SPEAKER_01When you take a$30,000 quote, instantly knock$6,000 off the top with a utility rebate, and finance the remaining$24,000 at a reasonable rate, the economics suddenly makes sense.
SPEAKER_00It really changes the conversation.
SPEAKER_01In many cases, the 70% savings on your monthly electric bill completely covers your new loan payment. You are simply taking the money you used to burn on utility bills and redirecting it into an equipment loan. Once the loan is paid off, you own a hyper-efficient system with a 50-year loop.
The Future Runs On Earthwork
SPEAKER_00It's a cash flow swap, but you have to pick up the phone and call your specific utility provider. Your neighbor, three streets over, might be on a different grid with completely different incentives.

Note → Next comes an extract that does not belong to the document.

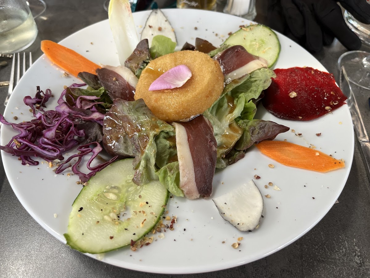 During our 4 days cycling through the Luberon this was definitely our best lunch Located in the heart of the village, featuring a great covered outdoor terrace it also offered ample space for our bicycles (in our view) Welcome was friendly and even without a reservation we were immediately seated at one of the remaining tables Apart from two set menus there were also a la carte options We selected one of the set menus, 4 courses which included a goat cheese/ duck salad, slow cooked pork, a cheese selection and dessert and separately a Tuna Tataki with Wakame & Sesame Wasabi All food was delicious and served at the right temperature....and served with a smile ! Definitely a venue we will return to and one we can highly recommend to those after a great regional culinary experience at super value for money

SPEAKER_01That is the ultimate takeaway. Geothermal isn't a neat standardized product. Every single installation is a highly customized intersection of your local soil, your local utility provider, and your local driller schedule.
SPEAKER_00Which brings us full circle. Geothermal isn't some magical futuristic technology waiting to be invented. It's a highly reliable, earth-driven system that has been proven for decades. It's just currently choked by an education gap where consumers don't understand the physics of moving heat, and a major logistical bottleneck where the excavation industry is hesitant to take on the liability of custom earth work.
SPEAKER_01For you, the listener, understanding the real reasons behind that steep price tag changes the dynamic completely. Knowing that you are paying for specialized geological expertise, heavy machinery, and the time of a highly sought-after driller makes you an empowered homeowner.
SPEAKER_00Right.
SPEAKER_01When a contractor hands you a quote for$30,000, you are no longer suffering from sticker shock over an appliance. You know exactly what kind of infrastructure project you are commissioning.
SPEAKER_00You are tapping into the Earth's thermal battery. Which leaves me with a final thought for you to mull over. If the biggest hurdle to widespread residential geothermal adoption isn't the technology, but simply a lack of people willing to drill the holes, what happens to the housing market and our energy grid in the next decade?
SPEAKER_01That's a great question.
SPEAKER_00If a new generation of tradespeople suddenly decides that high effort geothermal digging is the ultimate bottleneck to green energy, could it become the most lucrative career path of the 2030s? We constantly look to Silicon Valley for the next big tech boom, but maybe the future of home energy doesn't require writing code at all. Maybe the next tech boom could actually be an earth moving boom.